JWT tokens have some advantages over traditional session base authentication. For example you don store session data on server and save server resources , jwt tokens are available in your request amoung multiple servers and so on...
For further reading check this article :
https://float-middle.com/json-web-tokens-jwt-vs-sessions/
2.Yes you should use laravel routes as restful apis
I have a Laravel 5.5 Application that's using the session based auth out of the box. On some of these pages I have react components that need to get/post data from/to an API.
What is the best practice for handling this? Do I simply hide the API endpoints behind the auth? This would work but should I be using Laravel Passport for this instead?
I've had a play with Passport and it seems that this would work but I don't need users to be able to create clients and grant 3rd party applications permission etc. There is just the first party react app consuming the data from inside the laravel application (view).
From my initial experimenting with it, it seems I'd need to have the login call made first to receive an access token to then make further calls. As the user will already be authenticated in the session is there an easier way?
I'm not sure if Passport is intended to be used for this purpose or not.

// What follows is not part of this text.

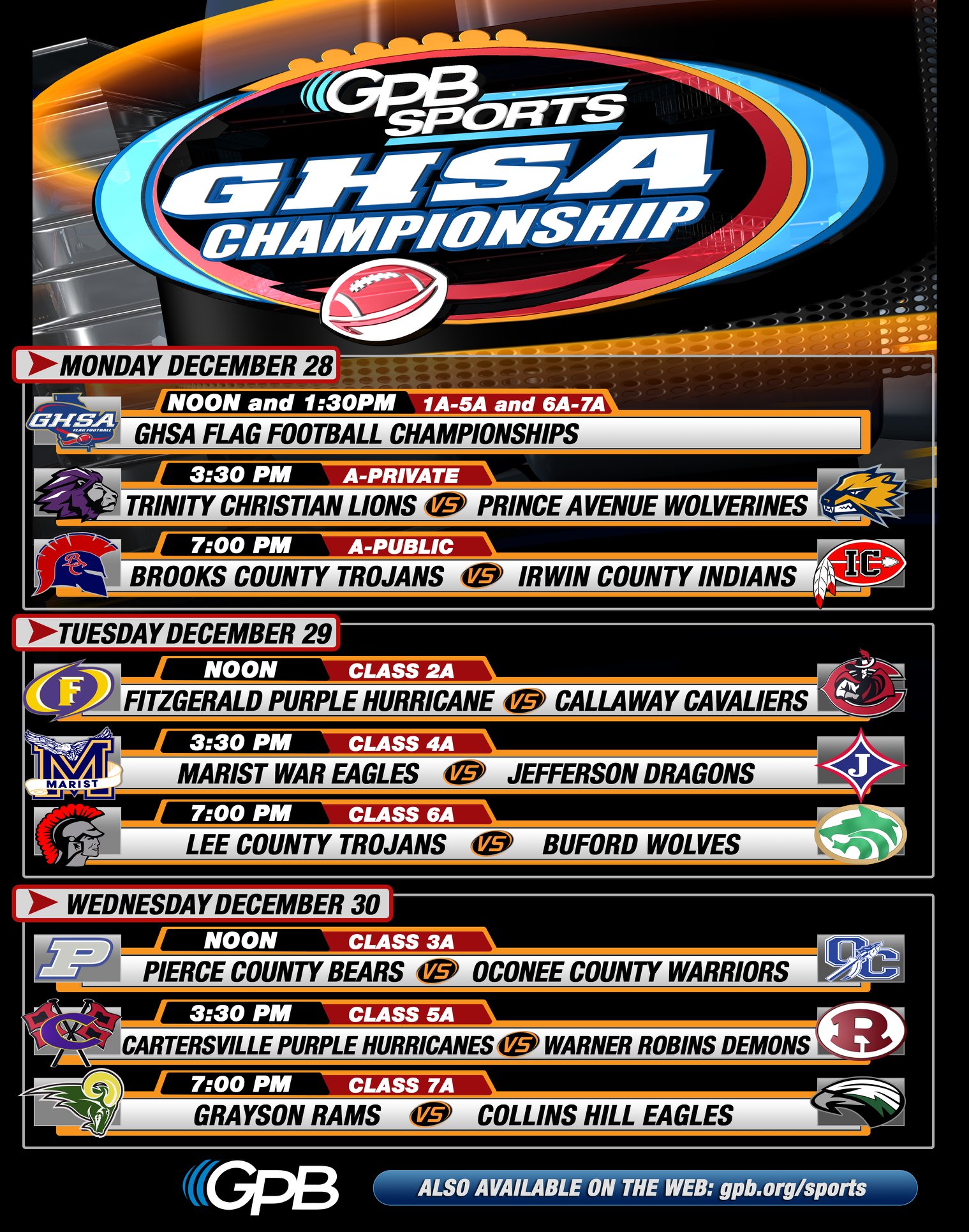 The 2020 GHSA-Tommy Guillebeau State Football Championships will be held December 28-30 at Georgia State University’s Center Parc Stadium. All games, including the first-ever girls’ Flag Football championships, will be televised live on Georgia Public Broadcasting and streamed at GPB.org/sports and NFHSNetwork.com.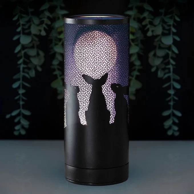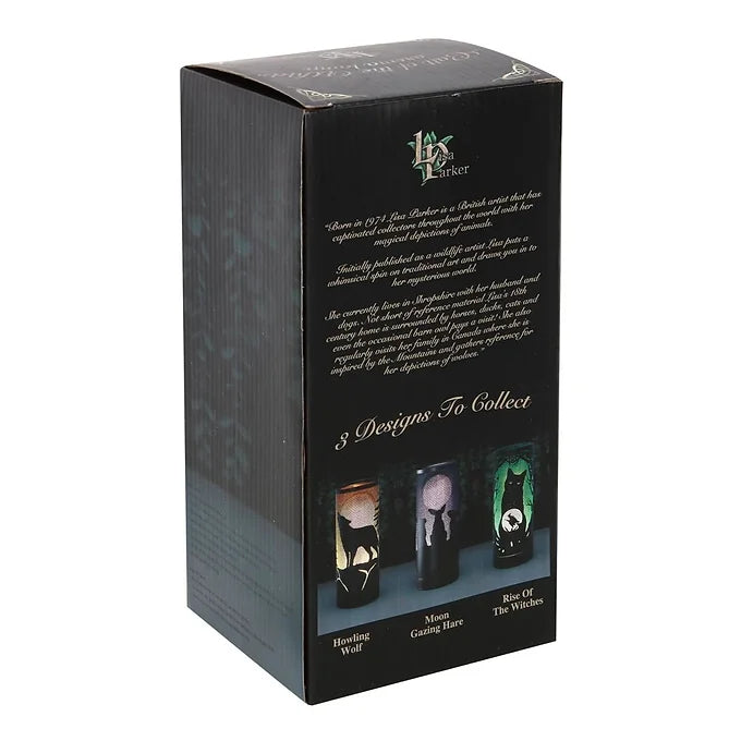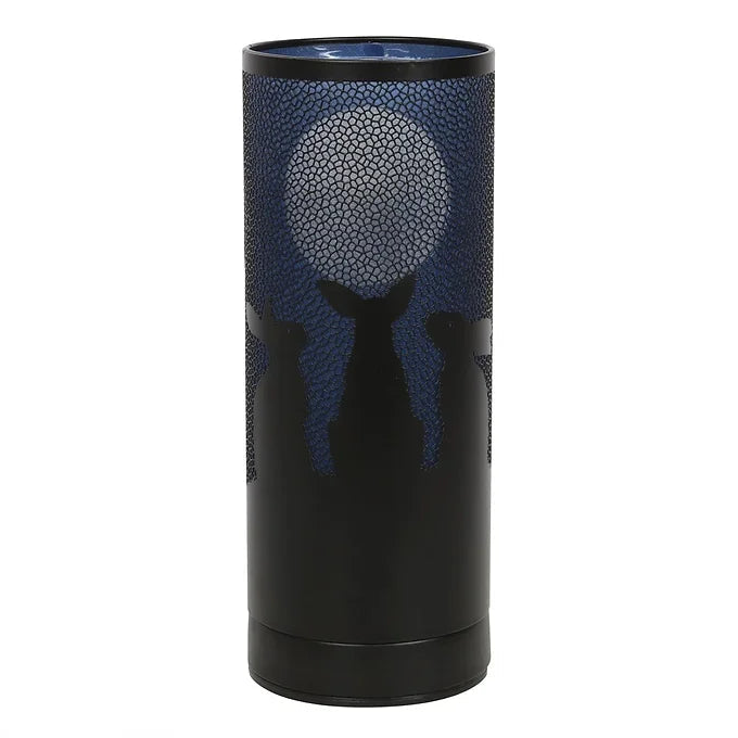 Lisa Parker's stunning 'Moon Gazing Hares' artwork creates the perfect focal point for this aroma lamp. A black silhouette of three hares and a full moon overlays an purple background that is illuminated from behind. Use with fragrance oil to gently fragrance the home.

I'd rather take the time to get it right now as I'd like to get the foundations right now if the app scales.
You can proxy authentication with Passport. Using the password grant type users would still log in with their username/password, then behind the scenes make an internal request to Passport to obtain an access token.
Restrict what routes are available when registering in a service provider by passing in:
Passport::routes(function ($router) {
$router->forAccessTokens();
$router->forTransientTokens();
});
That limits access to personal tokens and refresh tokens only. A client will be created when you run php artisan passport:install.
Setup a middleware to merge the password grant client id and secret in with the request, then make a call to the authorization endpoint. Then it's just a matter of returning the encrypted token and observing the Authorization header for requests to your api.
I am kind of confused about recognizing the discrepancy between Laravel Passport and tymondesigns/jwt-auth package. Do they actually serve the same purpose of API authentication via tokens?
As long as Laravel Passport was introduced in 5.3+, is one supposed to use Passport instead of tymondesigns/jwt-auth package in the latest versions?
The "tymondesigns/jwt-auth" is a PHP Laravel implementation of the JWT protocol. On the other hand, Passport also uses JWT by default plus a huge extra, a complete Oauth2 implementation. Regarding the functionality, as I said they both use JWT thus you can use whichever you like to authentication via tokens. They both do their job and you'll have a secure API tokens implementation.
The difference comes if you would like a lightweight API tokens implementation or the plus of the Oauth2 server to allow more and other apps to communicate with your app. One of the most common cases would be how some random apps ask Google or Facebook for your user information. If you implement the Oauth2 server your app would allow any other app with a proper token to ask for data from your app.
"[...] Laravel makes API authentication a breeze using Laravel Passport, which provides a full OAuth2 server implementation for your Laravel application in a matter of minutes. Passport is built on top of the League OAuth2 server that is maintained by Alex Bilbie." from https://laravel.com/docs/master/passport
For more details, I have made an explanation of Laravel Passport, JWT, Oauth2, and Auth0.
2021, Dec.
Laravel Passport does not sopport PHP 7.4. "psr/log" demands PHP 8. In case of PHP 7.4, use other solutions than Laravel Passport.
please help me,
I want the stateless authentication for Rest api for login api to to get the token from it by using guard in it.
You might consider using Laravel Lumen because laravel by default uses session state.